Jesus Christ, Saviour and Lord

Written by Donald G. Bloesch Reviewed By Gordon R. Lewis

The well-known author seeks a centrist position on Christology between fundamentalism and liberalism (pp. 11, 12), but presents a relationship theology more characteristic of neo-orthodoxy than of conservative evangelicalism. Bloesch presupposes with Kierkegaard, Barth and Bultmann, an ‘infinite qualitative difference’ between God and us (p. 176). Because God’s ‘reason’ (if we can call it that) is infinitely distinct from ours, our likeness to God is relational or reflectional (p. 26). Revelation happens only in contentless encounters and we witness to these mysterious events in parabolic narratives.

Bloesch’s God is so different from his image bearers that the incarnation must be interpreted with a yes and no, dialectically or paradoxically (p. 70). Was Jesus God? No, if understood propositionally, literally or univocally; ‘yes’ if interpreted alogically, figuratively and analogically. But Bloesch should not need to view the incarnation as an irresolvable ‘paradox’, for Christ’s two natures are not contradictories, but subcontraries (see G. Lewis and B. Demarest, Integrative Theology 2: 347–351).

Assuming God’s infinite, qualitative of removal from logical statements, Bloesch exclaims, ‘Too long we have made the mistake of identifying God’s revelation with the propositional content of the Bible’ (p. 249).
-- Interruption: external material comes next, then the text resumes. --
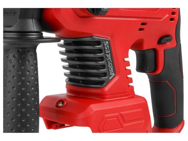 Модель имеет бесщеточный двигатель, что продлевает срок службы инструмента в 2 раза, делает его на 30% мощнее при меньших размерах и весе, позволяет работать до 50% дольше на одном заряде аккумулятора. Перфоратор имеет металлическую накладку возле платы управления, для более эффективного охлаждения, что значительно увеличит срок его службы. Повышенная прочность ударного механизма обеспечит высокую производительность и повысит комфорт использования. Малый вес и компактные размеры делают данный перфоратор незаменимым при работе в труднодоступных местах без внешнего источника питания. Имеет три режима работы: сверление, сверление с ударом, долбление, а также функцию регулировки угла оснастки (механическое управление). Оснащен подсветкой, реверсом, эргономичной прорезиненной рукояткой. Инструмент входит в линейку WORTEX ALL1 на одном аккумуляторе, которая представлена более чем 50 моделями. Напряжение аккумулятора: 18 В; Тип аккумулятора: Li-ion; Номинальное число оборотов: 0-1550 обмин; Номинальное число ударов: 0-4950 удмин; Сила удара: 2,2 Дж; Макс. диаметр сверла при сверлении бетона: 20 мм; Макс. диаметр сверла при сверлении дерева: 26 мм; Макс. диаметр сверла при сверлении стали: 13 мм; Масса (без принадлежностей): 1,7 кг; Гарантийный срок - 2 года.
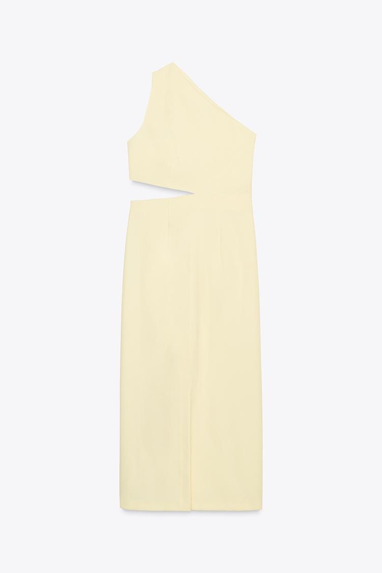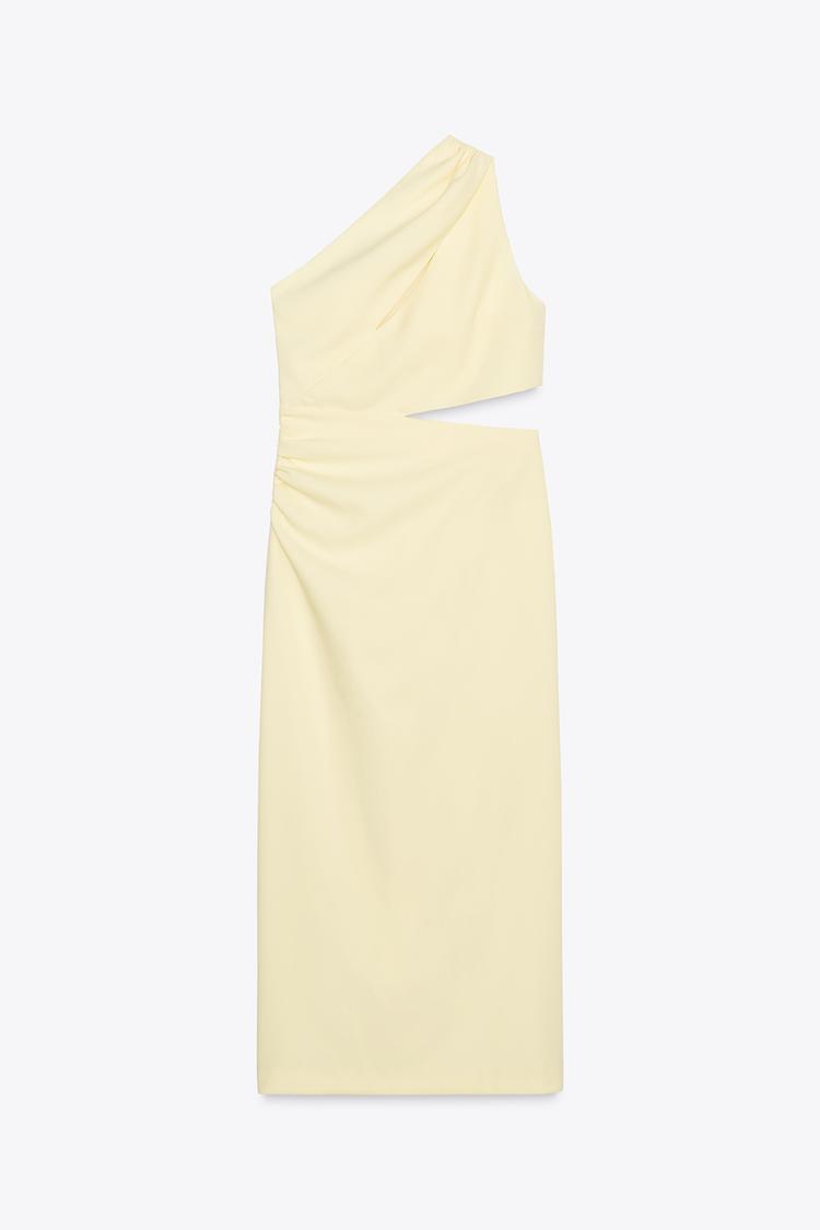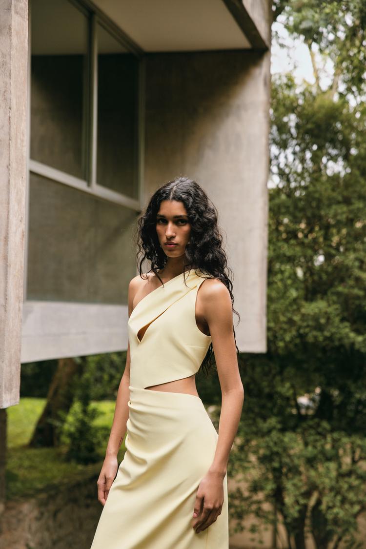 Fitted dress with an asymmetric neckline and sleeveless design. Featuring cut-out detail and gathered trims. Hem with a vent at the back. Side zip fastening concealed in the seam.

A proposition is the basic unit of a person’s logical thought. One asserts a true or false proposition in a sentence with (1) a subject, (2) a form of the verb ‘to be’ and (3) a predicate (S is P). Peter’s great confession was propositional, ‘You are the Christ, the Son of the living God’. Jesus replied to him, ‘Blessed are you, … for this (proposition) was revealed to you by my Father in heaven’ (Mt. 16:16–18). If Bloesch is correct, Jesus’s identification of a proposition as revelation from God was a mistake. God forbid! Paul also summed up the gospel in propositions (1 Cor. 15:1–4). Jesus is the One who (1) was eternal and became flesh (an ontological truth), (2) died and rose (historical truths) and (3) died ‘for our sins’ (a theological truth with changeless univocal meaning, the same for God and Paul). ‘I want you to know’, Paul insisted, ‘that the gospel, I preached is not something that man made up … I received it by revelation from Jesus Christ’ (Gal. 1:11–12). Since Jesus and Paul strongly endorsed propositional revelation, and knowledge is embalmed in the imago (Col. 3:10), the ‘mistake’ would more appropriately be attributed to Bloesch’s existentialist presupposition.

Christ’s resurrection? Bloesch claims, ‘Yes, it “really happened” ’. No it was not recorded ‘in the language of historical precision, but only in dramatic parabolic language’ (p. 128). It is hard to find figures of speech and parables in the lists of witnesses who recognized the face, voice, scars and empty tomb. Even when parabolic speech is used, it is chosen to illustrate a nonfigurative (cognitive, T or F) point. Although ‘affirmed by credible human witnesses’, Bloesch thinks Christ’s resurrection ‘is finally persuasive only to the eyes of faith’ (p. 107). Did not the Holy Spirit use it to persuade the disillusioned apostles (notably Thomas) and Saul an opponent of the faith? In pagan Athens, Paul appealed to the fact as conclusive evidence for ‘all’ (Acts 17:31–34).

Biblical language, according to Bloesch’s dialectical hermeneutic, was ‘preserved as a vehicle for mysteries that cannot be fully contained in ordinary straightforward language’ (p. 131). Agreed, humans do not fully comprehend the many biblical affirmations. But reducing assertions concerning who Jesus was, is and will be to nothing but figurative witnesses to noncognitive encounters degrades Jesus Christ’s teaching and the Holy Spirit’s ministries in all revelation and inspiration.

The same neo-orthodox presupposition that renders impossible the objective validity of inscripturated revelation makes impossible a coherent view of the incarnation. If God is so infinitely Other as to be unable to assert propositional truth about reality in straightforward language (a capacity distinctive of persons), how does Bloesch know that the totally Other is personal?